I am comming out with a full line of unique tees for bowlers. I have 2 done, and am working out prices with a printer, What other info. do I need to know when dealing with retail sites? How do I give myself the best chance of success. 

A newbee to the world of tees!!!! Thanks


----------



## el guapo (Feb 4, 2006)

My appologies I am just trying to learn how to be successful and was just trying to give enough info so people know where i am comming from. I will cont. to grow and learn.


----------



## Rodney (Nov 3, 2004)

> My appologies I am just trying to learn how to be successful


Why are you apologizing? We're all here to learn and share information 

Here are a couple of topics that deal with selling to retailers:
http://www.t-shirtforums.com/showthread.php?t=3855
http://www.t-shirtforums.com/showthread.php?t=1934

If you do a forum search for *retailers*, you will find quite a few more helpful tips.


----------



## Solmu (Aug 15, 2005)

Rodney said:


> Why are you apologizing?
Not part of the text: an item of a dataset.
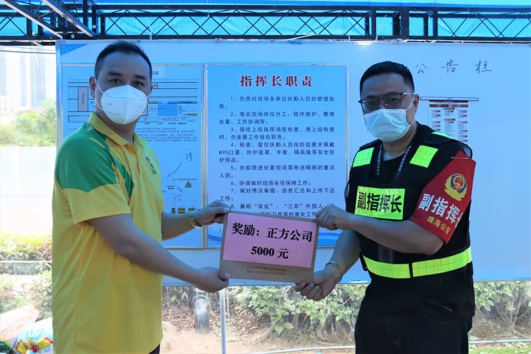 4月22日上午,在珠海南屏收費站防疫檢查指揮部,正方集團副總經理凌安代表正方現代服務公司,接受防疫指揮部代表香洲區(qū)南屏鎮(zhèn)政府頒發(fā)的表彰,獎勵正方現代服志愿者在南屏防疫檢查工作中高效排查并及時協(xié)助處理一名入珠抗原檢測異常旅客,斬斷疫情傳播風險的出色表現。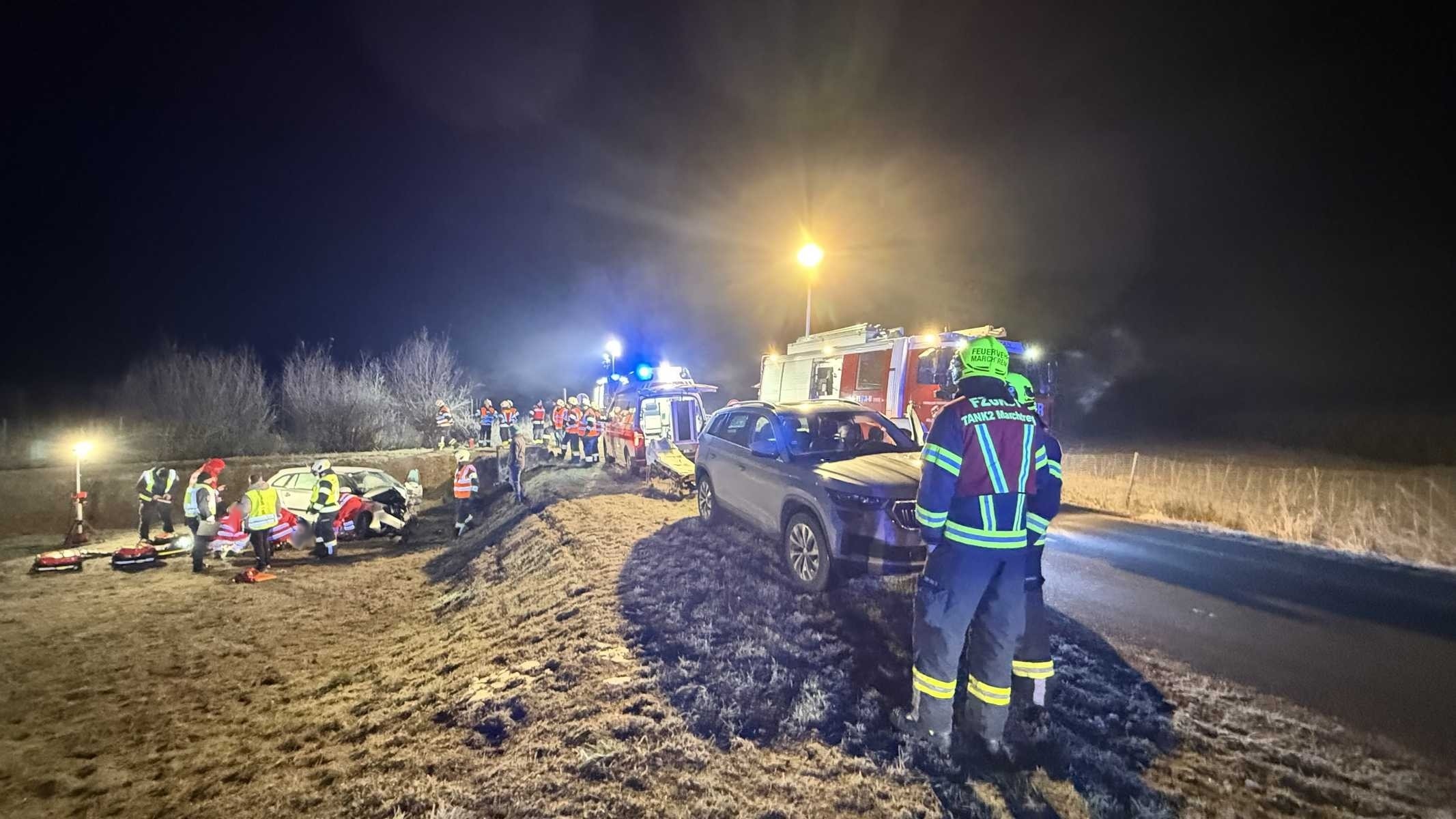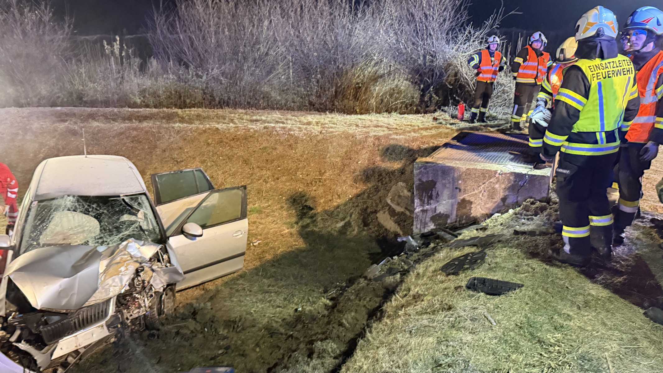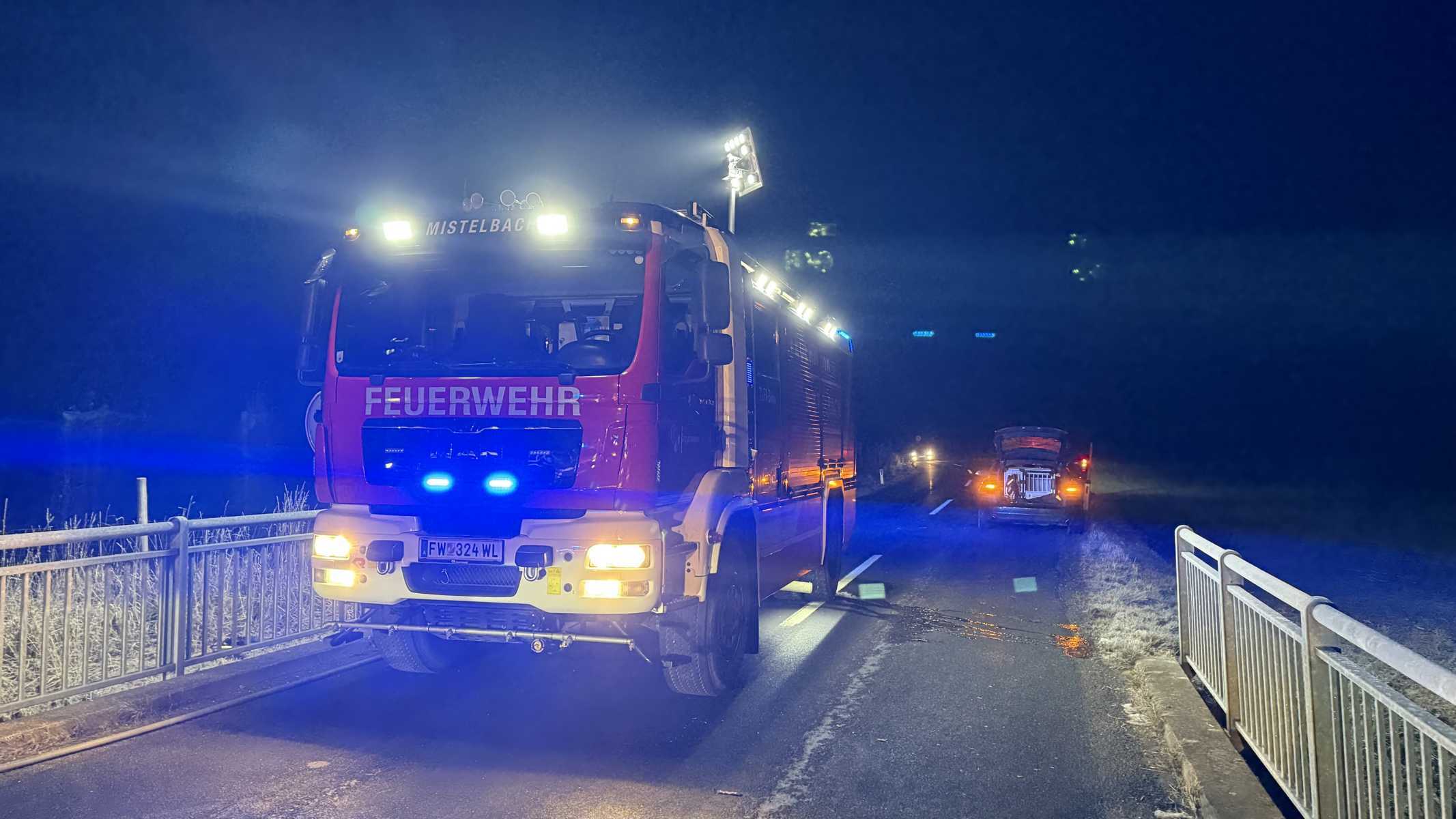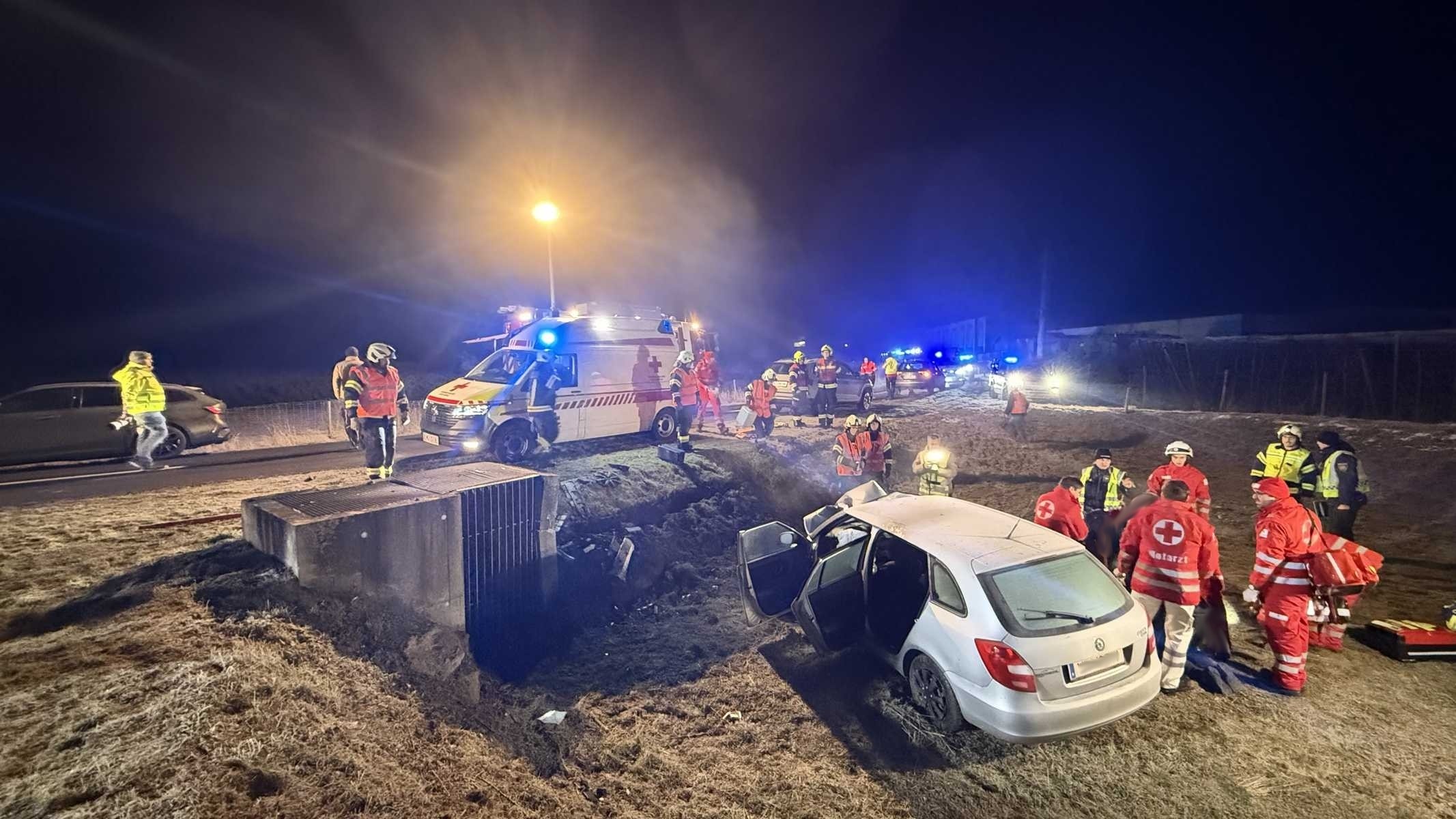 Ein PKW mit zwei Insassen kam auf der Mistelbacher Landesstraße im Bereich einer Kurve von der Fahrbahn ab und prallte gegen einen Betonsockel in einem Regenrückhaltebecken.

We're all here to learn and share information


I had wondered if the "Do NOT Post Self Promotional" etc. warning had claimed another victim?

I think some new members perceive it as an error message of sorts rather than realising it's a standard disclaimer on every message box?


----------



## Rodney (Nov 3, 2004)

> I think some new members perceive it as an error message of sorts rather than realising it's a standard disclaimer on every message box?


Ahhh, gotcha. Didn't think of that. I probably should change that exclamation point to something else less "alerty".


----------



## el guapo (Feb 4, 2006)

Rodney said:


> Ahhh, gotcha. Didn't think of that. I probably should change that exclamation point to something else less "alerty".


Thats right you got me, I thought I was in big dodo for something. hahahah, Know I know,but that is misleading.


----------